According to the DGCI&S release on India’s exports, imports and trade balance, India’s trade deficit stood at whopping $72.5 billion during April-February 2008 as against to $49 billion during the same period previous year. Imports grew by 30.2% while export grew by 22.9 percent during the same period. Preliminary data on India’s Balance of Payments (BoP) for the third quarter (Q3) i.e., October-December 2007 of the financial year 2007-08, reveals a current account deficit (CAD) of $5.4 billion, bringing April-December 2007 CAD to $16 billion ($14 billion in last year for the same period).
On surface this doesn’t look like good news, however looking at the sources of change in the current account provides interesting reflections. Merchandise exports recorded a growth of 34.9 per cent in Q3 of 2007-08 as compared with 20.9 per cent in Q3 of the previous year. Net invisibles continue to do well, growing from $ 12.8 billion in Q3 last year to $20 billion this year. What changed, to cause a larger trade deficit, was a sharp rise in imports.
Exports were at $41.7 billion during the quarter compared to $30.9 billion in the Q3 of the previous year. This was a decent, though not starring performance. However, imports blastoff up to $67 billion during the quarter against $47.5 billion in Q3 of 2006-07. With a sharp surge in imports but not in exports, the trade deficit widened to $25.4 billion, as against $16.5 billion during the corresponding period of 2006. Given the net invisibles earnings the current account recorded a deficit a deficit of $5.4 billion.
A rise in imports is worrisome when caused by external shocks such as a rise in higher oil prices. However, import figures show that during Q3, what really changed was non-oil imports, capital goods rose sharply by 53 per cent. Oil imports, as per the DGCI&S data, increased by 21.7 per cent in April-December 2007 (39.4 per cent in April-December 2006). According to the Ministry of Petroleum and Natural Gas the volume of oil imports increased by 11 per cent in April-December 2007. The commodity-wise export indicated that growth in exports of petroleum products (35.4 percent), engineering goods (22.4 per cent) and gems and jewellery (25.5) remained the major drivers of export growth.
Non-oil imports such as capital goods are leading indicators for growth in industry. They increase when domestic and/or export demand is strong. The sharp rise in non-oil imports over Q3, hence, augurs well for India. We would be lamenting, if there was a slump in imports growth!

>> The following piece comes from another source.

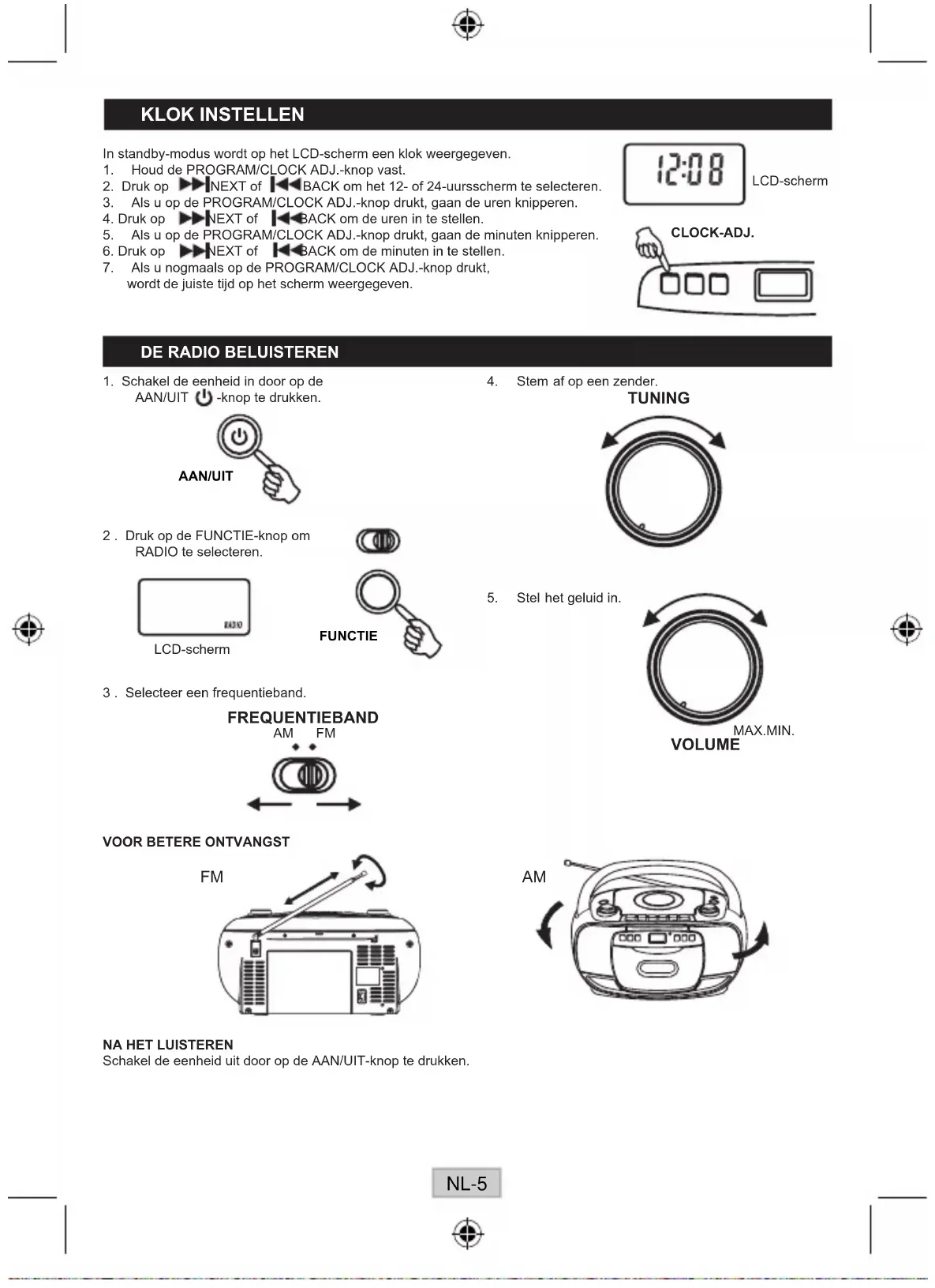FUNCTIE-knop om CD of RADIO te selecteren. Opnemen van de Radio Opnemen van een CD NL-8SPECIFICATIES CASSETTESECTIE Spoorindeling: 2-sporen stereo Opnamesysteem: Voormagnetisering Wissysteem: Magnetischeverwijdering6polen Bandsnelheid: 4,75cm/sec. F.F.- en REW-tijd: 170 sec. (F-60-cassettes) Frequentierespons: 125Hz-8000Hz(Normal-cassette) CD-SECTIE Kanalen: 2 kanalen S/R-verhouding: 60dB Wowenutter nietdetecteerbaar Samplingfrequentie: 44,1kHz8xoversampling Kwantisering: 1-bitsDA-converter Lichtbron pick-up: Halfgeleiderlaser Golengtepick-up 790nm RADIOSECTIE Frequentiebereik: FM87.5 -108MHz AM522-1620kHz Antennes: IngebouwdeAM-ferrietstaaf FM-staafantenne ALGEMEEN Uitgangsvermogen: 1,2 W + 1,2 W (RMS) Energieverbruik: 9,5W AuxIn-aansluiting: 3,5MM Luidspreker: 3"8OHM Voedingsbron: Wisselspanning:230V~50Hz Batterijen:9V(6x1,5VLR14/"C"/UM2) Afmetingen: 294(L)x206(D)x153(H)mm Gewicht 1,72KG Vanw ege voor tdurende prod uctverbeteringen kunn

Under some circumstances, CAD can signal economic problems that call for changes in economic policies. However, it at best provide mixed and ambiguous evidence about appropriate economic policy changes because the current account agglomerates a large array of underlying economic factors. Sometimes it results from new investment opportunities created by technical change, leading countries to engage in net borrowing on world markets to finance those investments. At other times, it results from reductions in net national savings rates, due to changes in consumer confidence that lead to changes in consumer expenditures, or due to changes in tax rates that affect after-tax savings rates, or due to changes in government fiscal positions that affect national savings. India’s CAD today reflects three main factors: (1) increase in investment opportunities; (2) low rates of saving; and (3) economic disruptions in other economies.

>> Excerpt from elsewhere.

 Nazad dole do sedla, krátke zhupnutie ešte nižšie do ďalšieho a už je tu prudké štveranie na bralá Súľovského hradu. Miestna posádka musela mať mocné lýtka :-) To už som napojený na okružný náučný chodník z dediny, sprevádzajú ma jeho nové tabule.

Current accounts involve inter temporal trade, CAD means that the Indian trades claims on its future production for current goods and services. Economists often suggest that a CAD threatens future economic problems if current spending falls on consumption rather than investment. That is not the case in the India today, where CAD has financed an investment boom. As a matter of pure accounting, we can divide factors affecting CAD into those affecting investment and those reflecting national savings. The major factor responsible for the deficit is the high rate of investment in India. A secondary factor is the low savings rate. Evidence over many countries and time periods shows that growth rates of exports and imports are procyclical, rising and falling with the growth rate of real GDP. However, exports typically vary less than imports; consequently, the trade deficit is distinctly procyclical.
While Indian CAD results partly from Indian conditions and policies, they also reflect conditions and policies in other countries. Credit crisis in western economies and, more recently, slowing US economy, may have contributed to the Indian current account deficit. These factors have also contributed to appreciation of the rupee on foreign exchange markets.